Материалы по контрразведывательной линии направляются в ИККИ и в Разведупр; об окончательном результате того или иного оперативного мероприятия в большинстве случаев давать оценки невозможно, но они порой служат предостережением, и весьма ценным (например, сведения о слежке за работниками ИККИ и Разведупра). Материалы по Индии расцениваются Разведупром как весьма полезные.
Сведения, полученные экономической разведкой лондонской резидентуры, лишь в незначительной степени становятся достоянием Наркомторга и ВСНХ. В основном они предназначаются для ЭКУ, где не встречают должного энтузиазма, главным образом из-за поверхностности информации».

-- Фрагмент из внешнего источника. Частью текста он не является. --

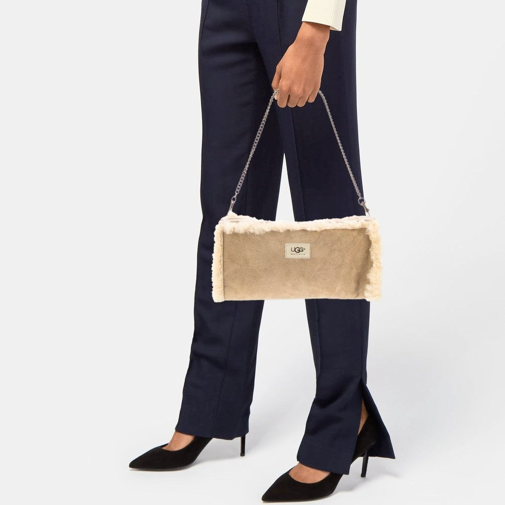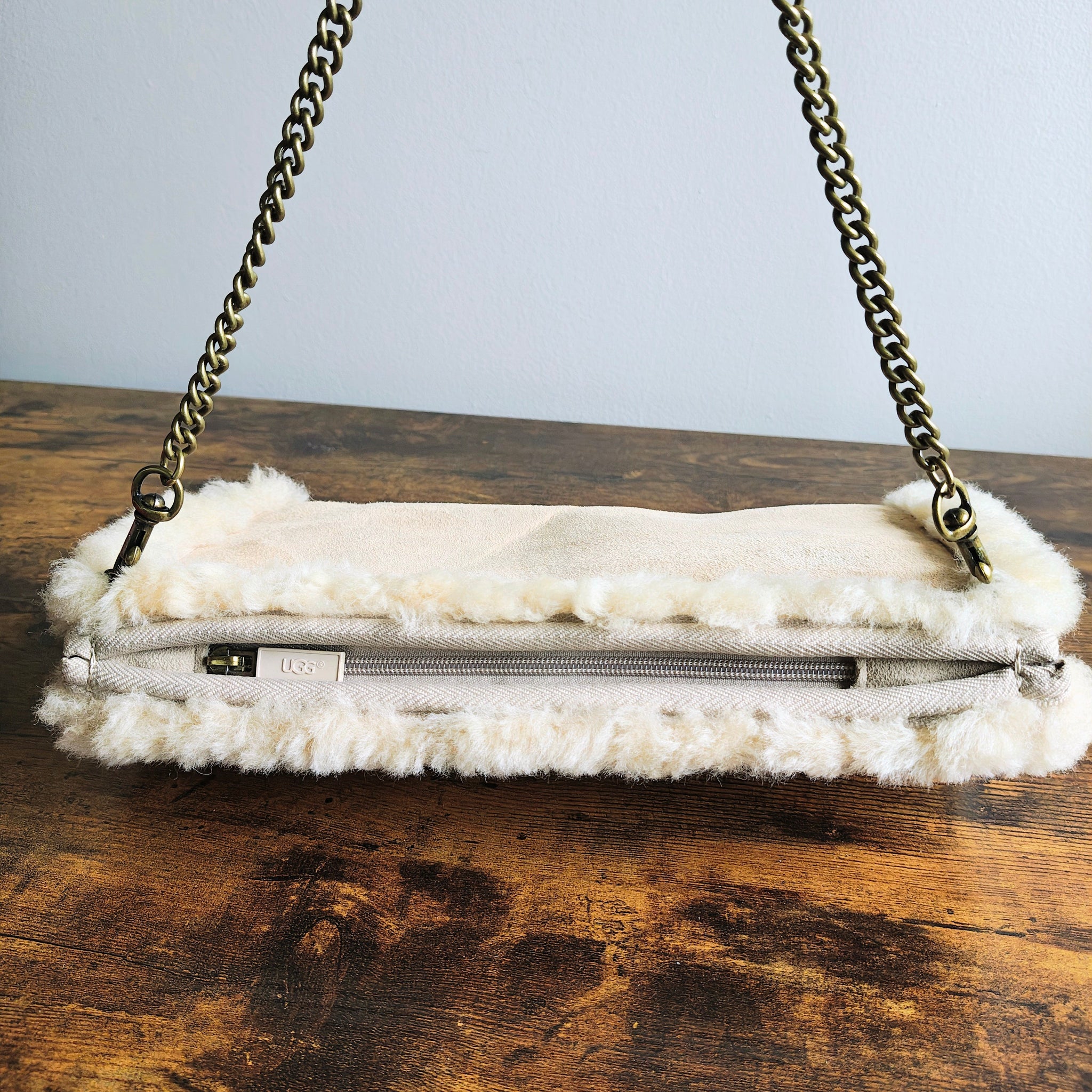 UGG Australia suede and shearling "hand muff" purse with a chain strap. This distinctive style features an opening on the side that allows it to function as a hand warmer in addition to a shoulder bag or clutch.

Наряду с отсутствием документальных материалов Елена Красная отмечала недостатки и в оперативной работе лондонской резидентуры по так называемой «белой линии», а именно нехватку достаточно квалифицированных сотрудников. «А между тем возможности в этой сфере имеются, — писала Красная. — Самым ярким примером может служить генерал Багратуни, бывший начальник штаба при Керенском и помощник начальника разведки при царских штабах, сохранивший ряд старых связей и продавший свою жену лорду Детердингу; он не прочь нам продаться, но некому с ним вести переговоры, а услуги он мог бы оказать большие. Из переписки самой леди Детердинг видно, что с ней знакомство установить не трудно и оно могло бы быть плодотворным. Имеется возможность компрометации и вербовки бывшего белого консула Ону, сохранившего старые связи и в настоящее время помогающего Саблину собирать для Скотленд-Ярда информацию об АРКОСе и прочих советских хозяйственных учреждениях в Лондоне».
Красная считала, что неплохие перспективы имелись также в плане приобретения источников политической информации:
«Судя по информации других резидентур, а также по различным документальным материалам, наличие соответствующих сотрудников в аппарате лондонской резидентуры или, еще лучше, в нелегальном аппарате позволило бы приобрести источников в итальянском, французском, литовском, польском и афганском посольствах, а также в обществе «Британских интересов в Китае», фактически являющемся совещательной палатой Форин Офиса и распорядителем английской политики на Дальнем Востоке».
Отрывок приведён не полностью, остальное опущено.